Essex didn’t even have a regular captain. Their skipper that day was the inexperienced Charles Bray. He called it an “unenviable distinction”.

Essex played most home games at Leyton, where the notoriously dead wicket was a gift to batsmen. Bray hoped workhorse bowler Arthur Daer would contain the Yorkshiremen.

Daer’s family ran the Golden Lion in Romford. In later life, he became a partner in Avery & Daer, a sports shop in North Street. His figures of 0 for 107 reflect his doggedness.

The Yorkshire openers, Percy Holmes and Herbert Sutcliffe, formed one of the great duos of cricket history.

Yorkshire already held the record for a first-wicket partnership: Brown and Tunnicliffe had scored 554 in 1898. Facing weak and weary opponents on a perfect wicket, Sutcliffe and Homes decided that if Yorkshire won the toss, they’d try to break that record.

The coin flipped the right way, but the marathon nearly ended when Holmes was just 3 not out. Strangely, he was complaining of lumbago and made a shaky start. Daer tricked him into putting up a catch, but it was dropped – an expensive mistake.

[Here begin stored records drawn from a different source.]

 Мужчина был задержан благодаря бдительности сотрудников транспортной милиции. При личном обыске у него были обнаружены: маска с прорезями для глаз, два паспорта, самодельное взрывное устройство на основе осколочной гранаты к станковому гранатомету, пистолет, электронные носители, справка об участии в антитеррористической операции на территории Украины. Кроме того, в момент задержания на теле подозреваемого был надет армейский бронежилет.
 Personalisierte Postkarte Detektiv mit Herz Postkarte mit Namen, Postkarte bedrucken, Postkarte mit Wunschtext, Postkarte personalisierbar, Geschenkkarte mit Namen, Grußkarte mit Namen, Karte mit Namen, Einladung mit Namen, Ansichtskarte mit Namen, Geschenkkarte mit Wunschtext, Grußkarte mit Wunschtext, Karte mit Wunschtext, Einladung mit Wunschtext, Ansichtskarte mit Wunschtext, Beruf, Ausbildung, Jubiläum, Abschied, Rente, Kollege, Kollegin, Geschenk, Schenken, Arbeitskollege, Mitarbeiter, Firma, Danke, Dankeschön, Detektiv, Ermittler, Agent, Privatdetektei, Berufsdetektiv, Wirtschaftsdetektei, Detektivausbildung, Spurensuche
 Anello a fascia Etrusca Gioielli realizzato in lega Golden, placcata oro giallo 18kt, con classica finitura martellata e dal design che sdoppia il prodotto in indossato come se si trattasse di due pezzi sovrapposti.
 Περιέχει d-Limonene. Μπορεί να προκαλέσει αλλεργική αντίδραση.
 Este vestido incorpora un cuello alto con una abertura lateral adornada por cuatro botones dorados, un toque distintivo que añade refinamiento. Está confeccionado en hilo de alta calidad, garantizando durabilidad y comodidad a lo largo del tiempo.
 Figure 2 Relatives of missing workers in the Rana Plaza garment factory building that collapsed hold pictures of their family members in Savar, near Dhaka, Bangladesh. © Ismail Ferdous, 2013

By teatime, the pair were 237 not out. Suspecting that they were going for the record, Bray decided to delay taking the new ball until next morning, when his bowlers would be fresher. He ordered Daer’s bowling partner, L.C. Eastman, to aim at the off stump, hoping to tempt the Yorkshiremen into putting up catches.

The strategy failed. Sutcliffe and Holmes went into overdrive, adding a staggering 190 runs in the last session.

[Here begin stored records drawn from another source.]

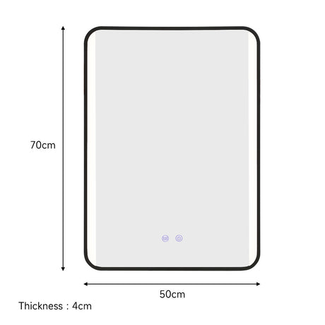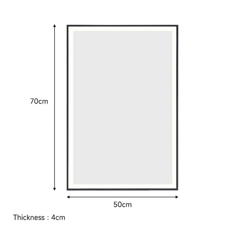 Black 50cm Rectangular Anti Fog Bathroom Vanity Mirror Touch Sensor
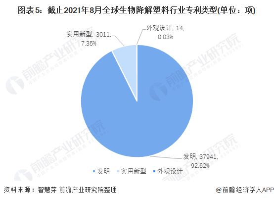 在專利類型方面,目前全球有37941項生物降解塑料專利為發(fā)明專利,占全球生物降解塑料專利申請數(shù)量最多,為92.62%。實用新型生物降解塑料專利和外觀設(shè)計型生物降解塑料專利數(shù)量分別為3011和14,分別占全球生物降解塑料專利申請數(shù)量的7.35%和0.03%。
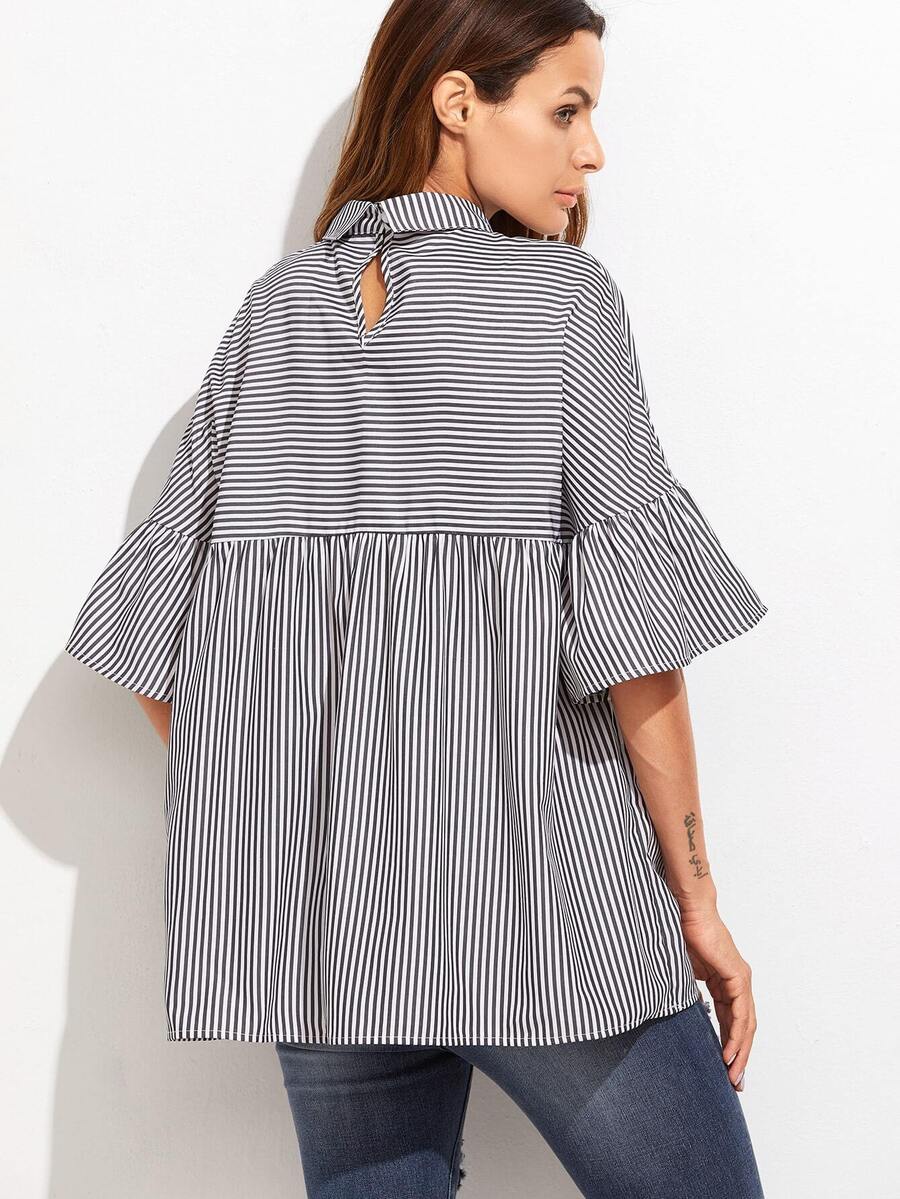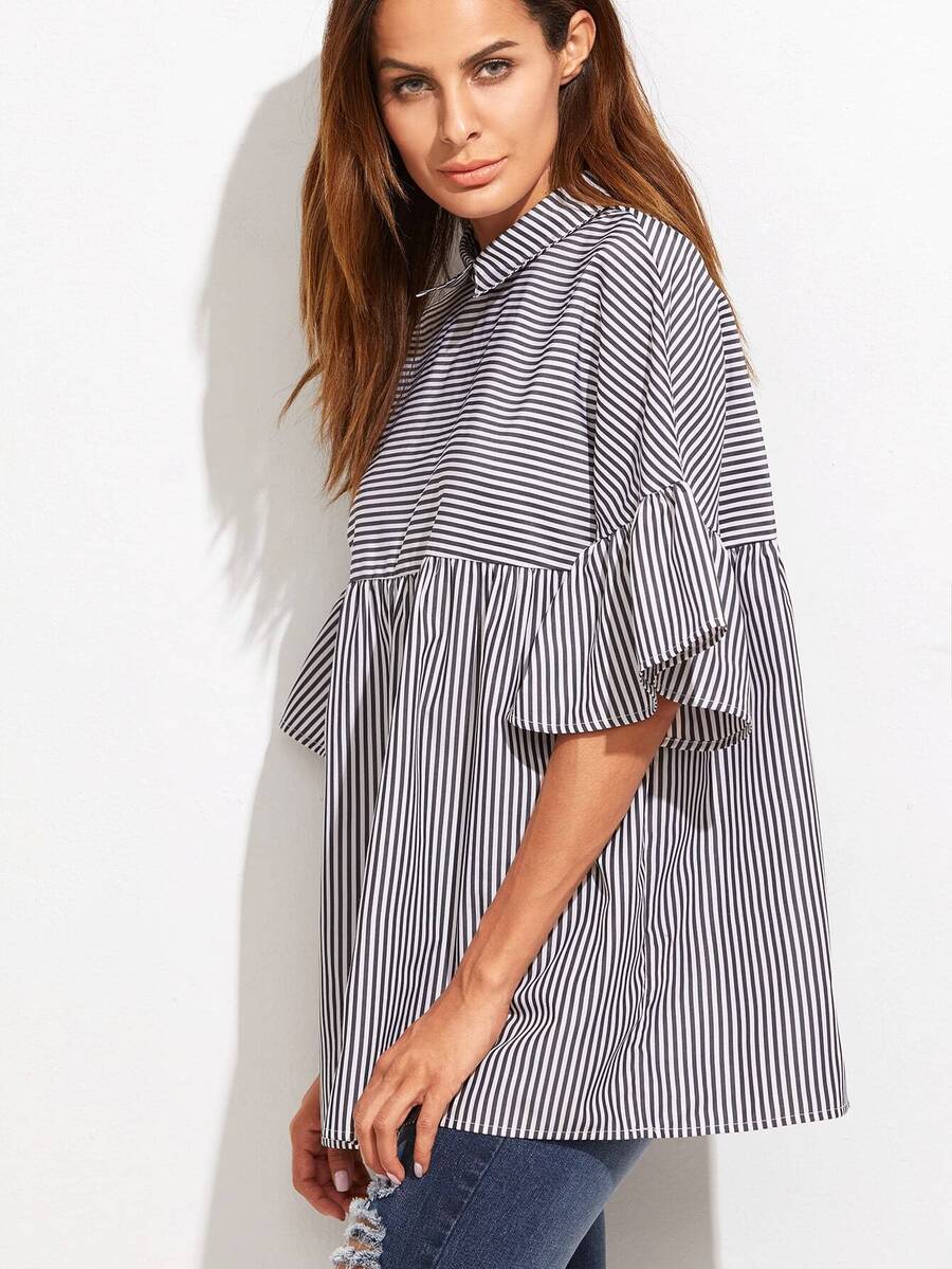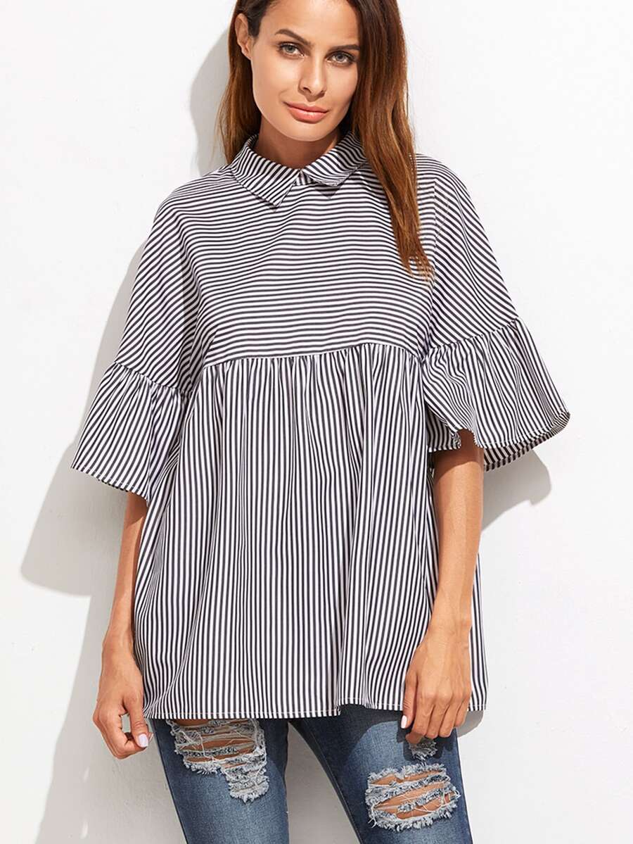 Black And White Striped Ruffle Sleeve Babydoll Top

Sensing cricket history, sports journalists descended on Leyton the next morning, along with a large crowd. One man drove overnight from Hull – in the days before motorways – to cheer his heroes.

With the scoreboard at 551, Sutcliffe hooked Eastman to the boundary. 555! A touch arrogantly, he threw his wicket away the very next ball. He’d scored 313.

Yorkshire declared, and the excited crowd milled around the scoreboard while celebratory photographs were taken.

Then – drama! The scoreboard silently shifted back to 554. The record, it seemed, had been equalled but not broken. What had happened?

The two scorers, Yorkshire’s Bill Ringrose and Charles McGahey of Essex, occupied a box with their backs to the scoreboard, which was operated by volunteer youngsters. Mistakes were unavoidable.

Umpire “Tiger” Smith insisted he’d no-balled Daer in the first over that morning, but the scorers had missed his signal.

McGahey had played for Essex between 1893 and 1921. He was now in his sixties and hard up. The County generously employed him as its scorer. It was said that he liked his beer, often sending the boys on the scoreboard to buy him bottles of ale. This meant frequent bathroom breaks. Some claimed he’d left Ringrose to enter both scorebooks at the crucial moment.

Whatever the truth, Bray was a sportsman. Sutcliffe and Holmes, he said, had played magnificently, and deserved the record. He agreed to add the alleged missing no-ball.

Ringrose reluctantly accepted, but McGahey insisted that the run had been invented.

A cigarette manufacturer used 555 as a brand name, and a carload of free fags quickly arrived in the Yorkshire dressing room. But this was no advertising stunt.

Bray’s decision has often been criticised. As he said, it would have been better if Sutcliffe had scored a few more runs to make the record watertight.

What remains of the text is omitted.